While I fight the urge to laugh, U.S. Geological Survey scientists Felis and Kelsey respond professionally. This is, after all, a government operation, we’re all wearing flotation jackets, and the pair had prepared us for this situation—and worse (“If everyone goes overboard...”). As McAuley bobs, Kelsey shouts instructions. Seconds later Felis plucks him out of the Pacific Ocean, drenched but unharmed. “I think,” says McAuley, “I’ll take photos of this island from the boat.”
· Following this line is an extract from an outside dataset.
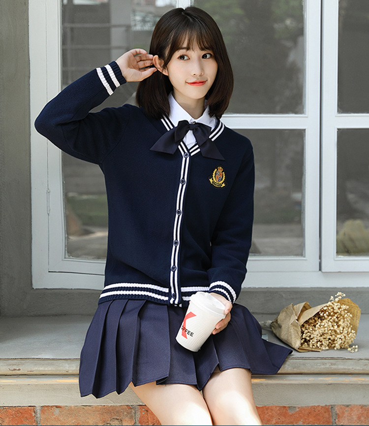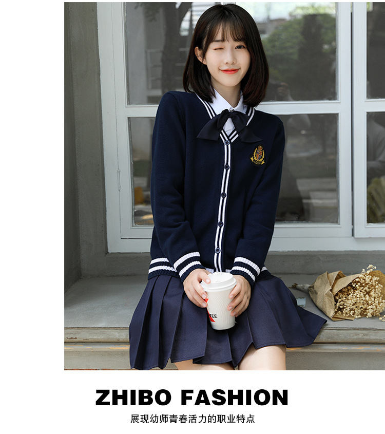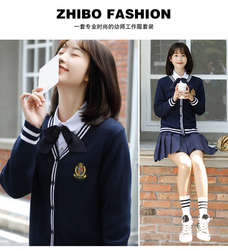 봄과 가을 대학 스타일 긴 소매 울 카디건 유치원 교사의 작업 옷 조기 교육 교사의 니트 재킷스토어 가기

Man down, I follow Kelsey as she scrambles to an alcove above our landing spot, passing empty cormorant nests and stepping over the desiccated remains of Common Murre chicks. After poking around, Kelsey calls, “Got it!” She’s crouched before a sandwich-size, guano-covered box containing an acoustic sensor, a device that has recorded thousands of hours of calling seabirds, barking sea lions, and crashing waves since she placed it here in March.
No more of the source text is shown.